An electromagnet is embedded in the first writing language, and the second writing language is moved by the electromagnet.

It is disposed between the second writing word and the driven shaft, and includes a support coupled to the second writing word and the compression spring to separate the second writing word from the first writing word.

At least one guide groove is formed in the support, and a coupling protrusion corresponding to the at least one guide groove is formed in the second writing gear so that the second writing gear is guided by the guide groove when the second writing gear moves. .

The length of the guide groove in the direction of the drive shaft is larger than the moving distance of the second writing gear.

The support and the driven shaft may be integrally formed.

And a second gear engaged with the first gear, and a rotation shaft coupled to the center of the second gear.

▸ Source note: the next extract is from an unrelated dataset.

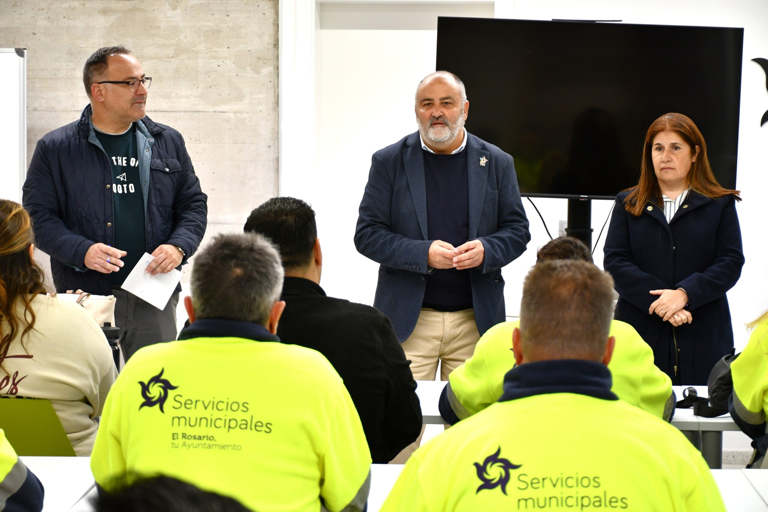 El alcalde de El Rosario, Escolástico Gil, que estuvo acompañado de la primera teniente de alcalde, Fátima Gutiérrez, y del concejal de Empleo y Desarrollo Local, Yeray Gutiérrez, destacó “la apuesta decidida del Gobierno local por desarrollar políticas de empleo que ofrezcan oportunidades reales a personas desempleadas, especialmente de aquellas con mayores dificultades de inserción laboral, y, además, con cuyo trabajo se verán beneficiados los servicios públicos municipales”.
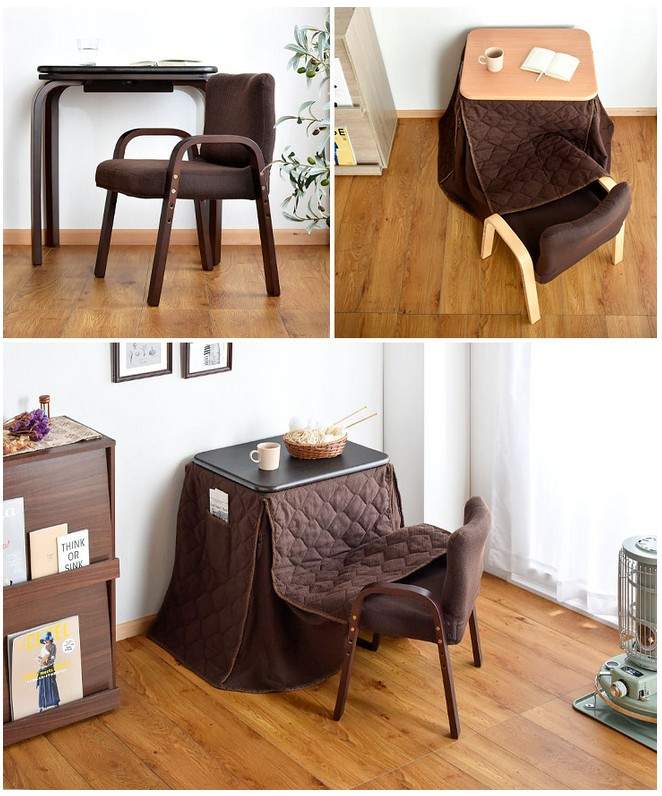 ▼天氣變暖之後將被子收起來,就變成了普通的桌椅,一年四季都可以用。

A matching device comprising a plurality of blocks having a plurality of swing devices in order to achieve the above object, comprising: a drive shaft provided over the plurality of blocks; A first writing gear that is fixedly coupled around the driving shaft with respect to each of the plurality of blocks, and rotates together with the rotation of the driving shaft; A second writing gear that is engaged with or detachable from the first writing gear and is coupled with a gap between the driving shaft; A driven shaft coupled to the second writing gear and having a gap between the driving shaft and driven by the driving shaft according to detachment of the first writing gear and the second writing gear; A first gear provided around the driven shaft; A second gear meshed with the first gear; A rotating shaft coupled to the center of the second gear; And a cam unit coupled to at least one link provided between the rotary shaft and the swing device to convert the rotary motion of the rotary shaft into a reciprocating motion of the swing device.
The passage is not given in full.